»Gegen
5 fing es an schiefzulaufen. Janis (Joplin) schmiß Cocktailgläser durch die
Gegend. Linda M. (aus der Manson Family) saß mit dem chinesischen Koch in der
Badewanne, fuchtelte mit einem Tranchiermesser & drohte sich die Kehle
durchzuschneiden, sobald er ihr zu nahe kam. Ferlinghetti kotzte ins
Goldfischglas & O‘Gallagher schrie nach der Polizei.« Carl Weissner, von dem
diese Szene aus einem schrägen Leben stammt, war einer der letzten Überlebenden
der Beat Generation. Im Januar 2012 ist er mit 72 unerwartet gestorben.
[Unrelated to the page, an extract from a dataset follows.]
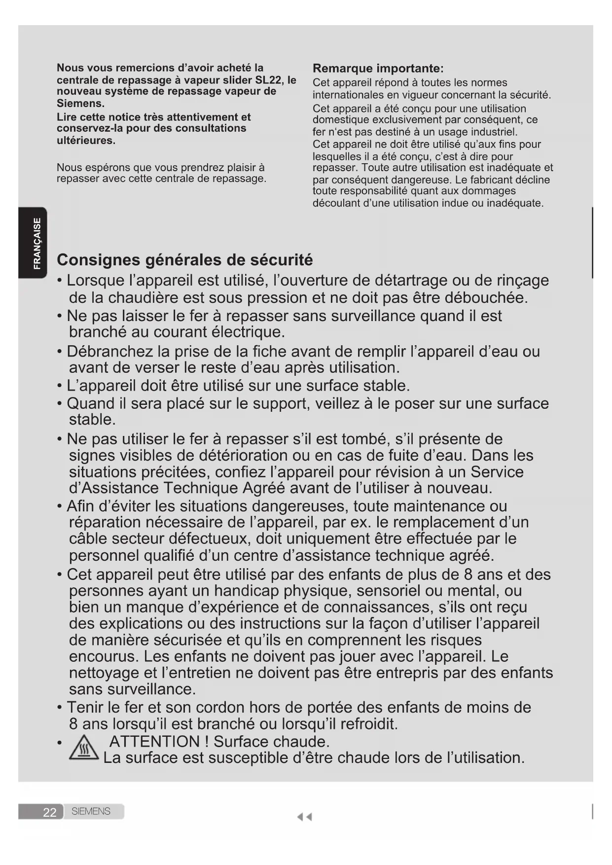 S I E M E N S FRANÇAISE Nous vous remercions d’avoir acheté la

Die
meisten kennen ihn nur als Übersetzer, aber er hat auch großartige Prosa
geschrieben, von der nun eine Auswahl unter dem Titel »Eine andere Liga. Stories,
bei denen man auf die Knie geht und vor Glück in die Fußmatte beißt«
veröffentlicht wurde.
Die vielleicht beste Kurzgeschichte heißt »Last Exit to Mannheim«. Sie ist 1973
in der von ihm, Jörg Fauser und Jürgen Ploog herausgegebenen Untergrundpostille
»Gasolin23« erschienen und liest sich wie Hunter S. Thompson in seinen besten
Zeiten. Carl Weissner, der sich 1966 für zwei Jahre mit einem
Fulbright-Stipendium in New York und San Francisco herumtrieb, lässt da bereits
keinen Zweifel daran, wie Literatur zu sein hat. Jedenfalls kein
»Lindenblütentee und denaturierter Zwieback«, die er bei der von Grass und der
Gruppe 47 dominierten Nachkriegsliteratur assoziierte, denn da gab es »kein
Rülpsen mehr bei Tisch, keine fettigen Finger, keine Kotzflecken in der Diele,
keine verstopften Klos. Nie war deutsche Dichtung so arm an Pep und Kalorien.«
Als Gegenentwurf hatte Weissner eine Literatur im Sinn, die in einem
existentielle Saiten zum Schwingen bringt, Literatur aus der Gosse, Literatur
von Leuten, die den Bodensatz des Lebens kannten, die wie sein Freund Jörg
Fauser jahrelang an der Nadel hingen und die schon mal ins Maul der Hölle
geguckt hatten, die Schreiben als Notwehr begriffen.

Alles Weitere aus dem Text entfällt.